### Task item:
Without any pictures, output the records exactly as they are.
......
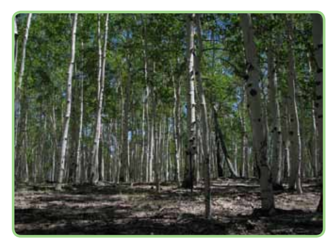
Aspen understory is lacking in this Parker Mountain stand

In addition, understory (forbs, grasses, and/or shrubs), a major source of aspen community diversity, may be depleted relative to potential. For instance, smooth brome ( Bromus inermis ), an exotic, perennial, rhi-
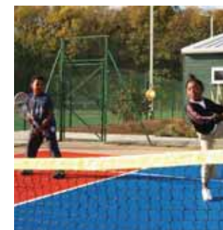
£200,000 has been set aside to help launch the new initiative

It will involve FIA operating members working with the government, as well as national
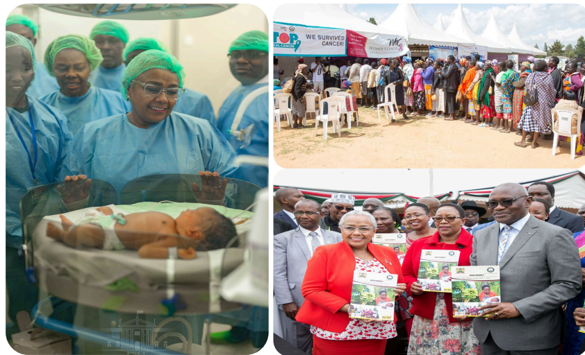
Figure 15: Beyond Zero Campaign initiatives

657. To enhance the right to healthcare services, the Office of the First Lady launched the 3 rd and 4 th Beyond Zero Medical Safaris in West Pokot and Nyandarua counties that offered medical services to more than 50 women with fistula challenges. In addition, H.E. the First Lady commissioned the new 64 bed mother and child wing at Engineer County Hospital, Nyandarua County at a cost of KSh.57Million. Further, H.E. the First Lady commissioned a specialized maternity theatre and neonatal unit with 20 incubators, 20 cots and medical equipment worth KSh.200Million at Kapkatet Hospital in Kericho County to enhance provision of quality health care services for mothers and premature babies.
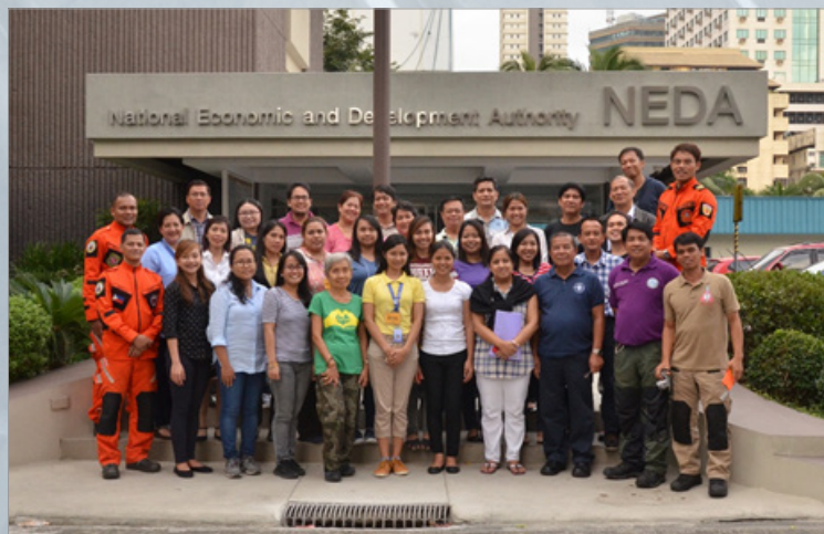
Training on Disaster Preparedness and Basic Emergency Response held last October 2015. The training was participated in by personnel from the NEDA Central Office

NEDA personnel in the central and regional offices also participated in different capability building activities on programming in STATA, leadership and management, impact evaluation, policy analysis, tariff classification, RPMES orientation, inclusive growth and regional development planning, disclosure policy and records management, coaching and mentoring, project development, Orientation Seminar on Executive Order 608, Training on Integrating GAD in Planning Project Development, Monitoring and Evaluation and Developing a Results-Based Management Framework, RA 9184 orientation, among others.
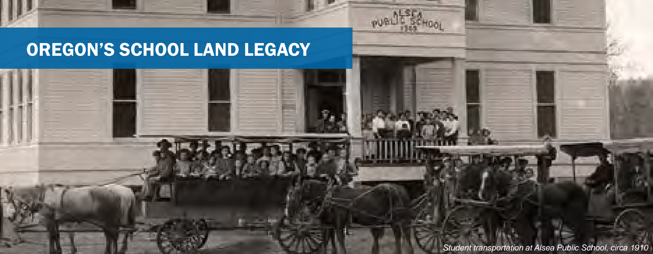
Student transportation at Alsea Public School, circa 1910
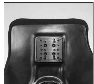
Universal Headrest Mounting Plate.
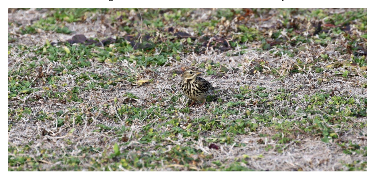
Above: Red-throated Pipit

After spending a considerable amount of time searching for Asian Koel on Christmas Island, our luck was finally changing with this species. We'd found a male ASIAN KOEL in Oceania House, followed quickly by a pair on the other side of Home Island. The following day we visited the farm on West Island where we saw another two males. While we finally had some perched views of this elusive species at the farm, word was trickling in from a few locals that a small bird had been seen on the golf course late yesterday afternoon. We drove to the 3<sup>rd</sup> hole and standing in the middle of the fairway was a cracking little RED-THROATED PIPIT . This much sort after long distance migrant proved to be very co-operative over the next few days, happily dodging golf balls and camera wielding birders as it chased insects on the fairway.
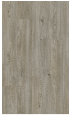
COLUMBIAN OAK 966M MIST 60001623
......
### Output for this exercise:
Aspen understory is lacking in this Parker Mountain stand

In addition, understory (forbs, grasses, and/or shrubs), a major source of aspen community diversity, may be depleted relative to potential. For instance, smooth brome ( Bromus inermis ), an exotic, perennial, rhi-
£200,000 has been set aside to help launch the new initiative

It will involve FIA operating members working with the government, as well as national
Figure 15: Beyond Zero Campaign initiatives

657. To enhance the right to healthcare services, the Office of the First Lady launched the 3 rd and 4 th Beyond Zero Medical Safaris in West Pokot and Nyandarua counties that offered medical services to more than 50 women with fistula challenges. In addition, H.E. the First Lady commissioned the new 64 bed mother and child wing at Engineer County Hospital, Nyandarua County at a cost of KSh.57Million. Further, H.E. the First Lady commissioned a specialized maternity theatre and neonatal unit with 20 incubators, 20 cots and medical equipment worth KSh.200Million at Kapkatet Hospital in Kericho County to enhance provision of quality health care services for mothers and premature babies.
Training on Disaster Preparedness and Basic Emergency Response held last October 2015. The training was participated in by personnel from the NEDA Central Office

NEDA personnel in the central and regional offices also participated in different capability building activities on programming in STATA, leadership and management, impact evaluation, policy analysis, tariff classification, RPMES orientation, inclusive growth and regional development planning, disclosure policy and records management, coaching and mentoring, project development, Orientation Seminar on Executive Order 608, Training on Integrating GAD in Planning Project Development, Monitoring and Evaluation and Developing a Results-Based Management Framework, RA 9184 orientation, among others.
Student transportation at Alsea Public School, circa 1910
Universal Headrest Mounting Plate.
Above: Red-throated Pipit

After spending a considerable amount of time searching for Asian Koel on Christmas Island, our luck was finally changing with this species. We'd found a male ASIAN KOEL in Oceania House, followed quickly by a pair on the other side of Home Island. The following day we visited the farm on West Island where we saw another two males. While we finally had some perched views of this elusive species at the farm, word was trickling in from a few locals that a small bird had been seen on the golf course late yesterday afternoon. We drove to the 3<sup>rd</sup> hole and standing in the middle of the fairway was a cracking little RED-THROATED PIPIT . This much sort after long distance migrant proved to be very co-operative over the next few days, happily dodging golf balls and camera wielding birders as it chased insects on the fairway.
COLUMBIAN OAK 966M MIST 60001623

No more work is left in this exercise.